Unless the table is unimportant, you should not brazenly delete rows. Archiving requires finesse to ensure that data is not lost, that the table isn't excessively locked, and that the archiving process does not overload MySQL or the sever. The goal is an archiving process that is reliable and unnoticeable except for the beneficial effect of reducing query times. mk-archiver achieves all this.
mk-archiver has two fundamental requirements, the first of which is that archivable rows must be identifiable. For example, if the table has a date column and you know that only the last N years of data are needed, then rows with dates older than N years ago can be archived. Moreover, a unique index must exist to help mk-archiver identify archivable rows without scanning the entire table. Scanning a large table is costly, so an index and specific SELECT statements are used to avoid table scans.
In practice, mk-archiver automatically handles the technical details. All you have to do is tell it what table to archive, how to identify archivable rows, and where to archive those rows. These rows can be purged, copied to another table or written to a dump file for future restoration if needed. Once you're comfortable with the tool, there are many options to fine-tune the archiving process. Also, mk-archiver is pluggable, so it can be used to solve complex archiving needs without patching the code.
When was the last time you audited the security of your MySQL servers? You're not alone if "never" is the answer. There are many companies that provide security audits, but unless nothing ever changes after those audits, then the security of your MySQL environment should be checked regularly.

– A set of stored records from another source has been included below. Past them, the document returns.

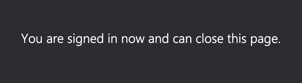 - Nach erfolgreicher Anmeldung erhältst du die Meldung: "You are signed in now and can close this page."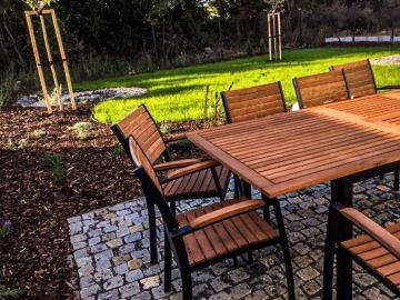 Velkorysá zahrada s terasou zve k dlouhým večerům pod hvězdami i pohodovým odpoledním siestám. Soukromí a klid v srdci Mikulova doplňuje posezení, kde si můžete vychutnat sklenku vína nebo večeři s přáteli. Prostor, který vás zve zpomalit a užít si atmosféru jižní Moravy naplno.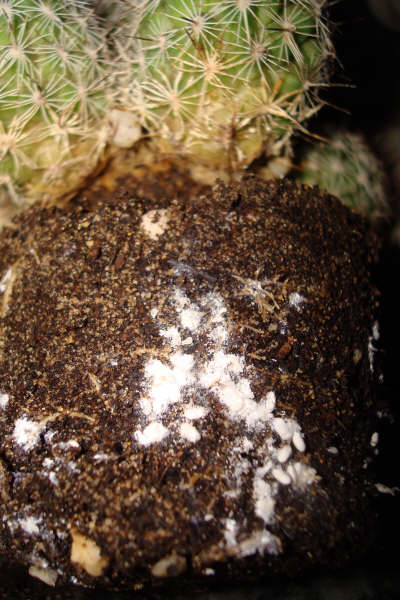 Cuando la planta haya perdido raíz, quite las raíces muertas y moje el mantillo con algún producto que contenga benomil. Luego trasplante la planta a un tiesto con una mezcla por mitades de arena y mantillo para cactus o solo arena pura y consérvela a 20ºC o más hasta que haya reproducido nuevas raíces sanas.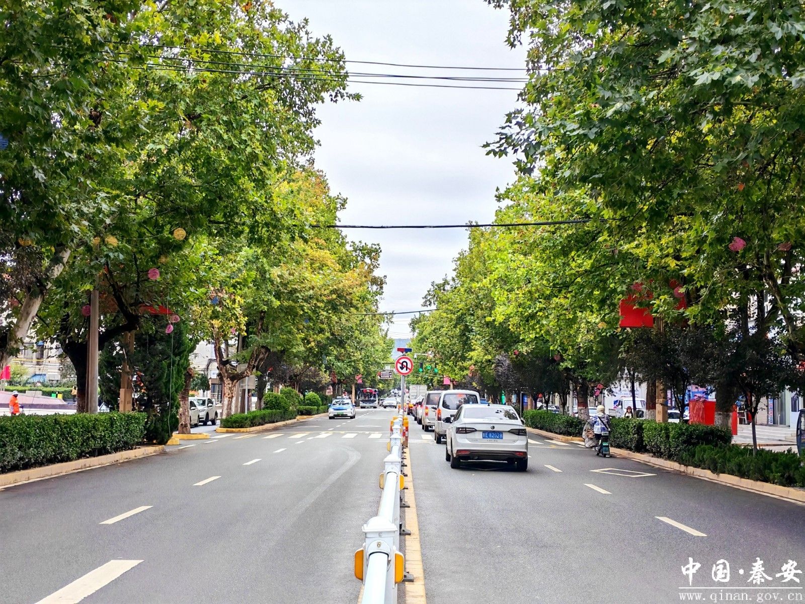 雨后初歇的秦安,秋景愈发清新迷人。漫步在秦安县城的街头巷尾,秋意已渗透到每一个角落。城区主干道两侧,行道树的叶子被雨水冲刷得格外鲜亮,部分叶片已悄悄泛黄,黄绿相间,层次分明。阳光透过枝叶洒下,光影斑驳,为街道增添了几分诗意。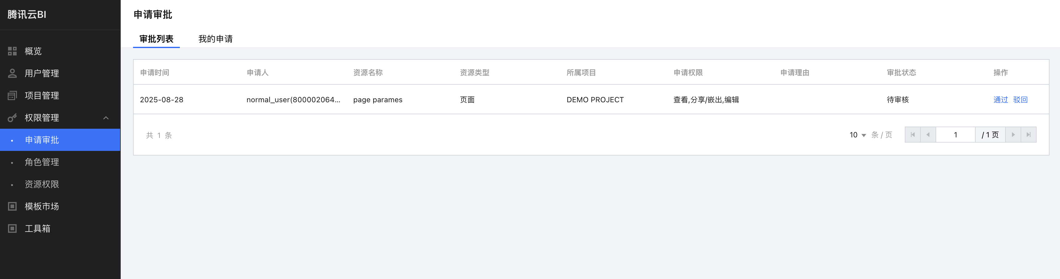 权限管理 > 申请审批 > 审批 Tab,查看申请列表进行操作,支持通过或者驳回。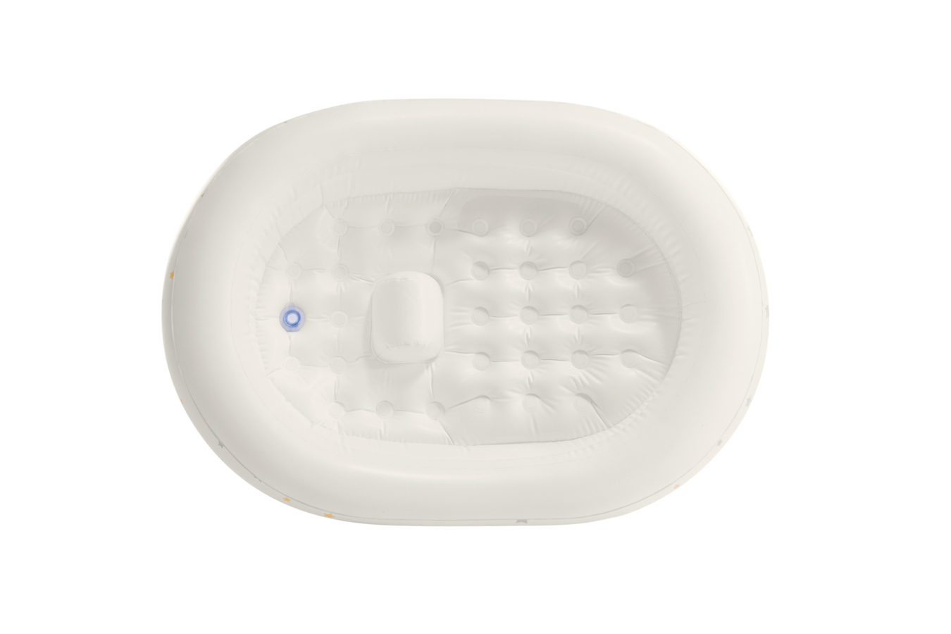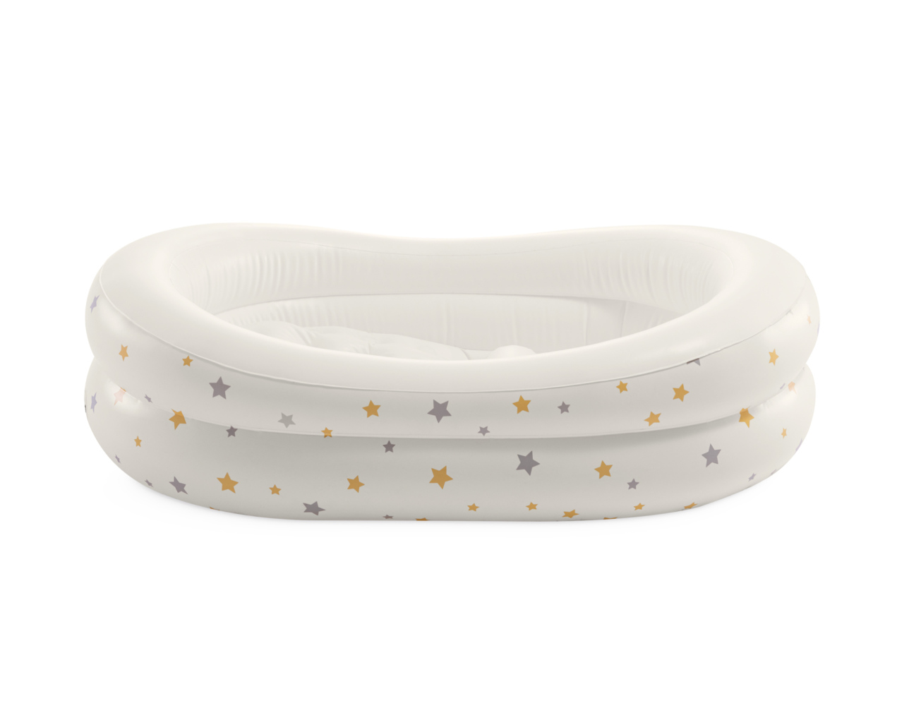 Dětská nafukovací vanička s potiskem hvězdiček. Lehká a snadno přenosná s měkkým a pohodlným povrchem pro šetrné koupání. Podpůrný výstupek pomáhá zabránit sklouznutí miminka. Balení obsahuje ruční pumpu.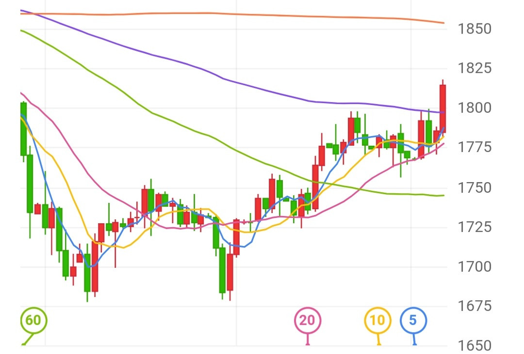 他最起碼說1747買進,有買的都賺不是嗎?更不要說他多次說1740~1730進買進,我買了,所以我賺了。請問你敢喊價格多少進嗎?至於會不會漲到1858我們視目以待。我先說吧,就移動平均線來說,有機會。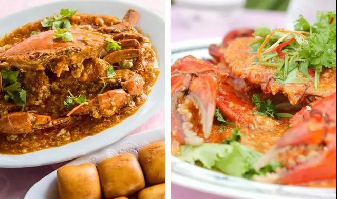 招牌菜辣椒螃蟹,淋上用辣椒醬和蟹黃熬成的醬汁,配上黃金小饅頭,回味無窮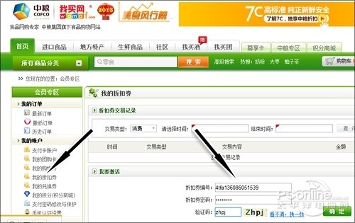 以“中粮我买网”为例,登录后点击“我的折扣券”,然后将上图中折扣券编号密码录入其中,点击确定完成激活(图7)。

External threats are one obvious reason to enforce MySQL security, but internal threats like current or former employees are often more dangerous because they are (or were) trusted. Security is also important for enforcing privacy, preventing accidental access (for example, logging into the production server instead of the development server) or enabling third party programs to interact with your systems.
For those looking to increase the security of their deployments, oak-security-audit is a worthwhile, free and open source tool that performs basic MySQL security audits. It doesn't require any setup. Just run it against your MySQL servers, and it prints a report with risks and recommendations about accounts, account privileges, passwords and some general best practices, like disabling network access.
oak-security-audit focuses just on MySQL security, so it's not a replacement for a full system security audit by a human, but it's a great first line of defence that is easy to use. You could run it weekly with cron and have the reports emailed to you.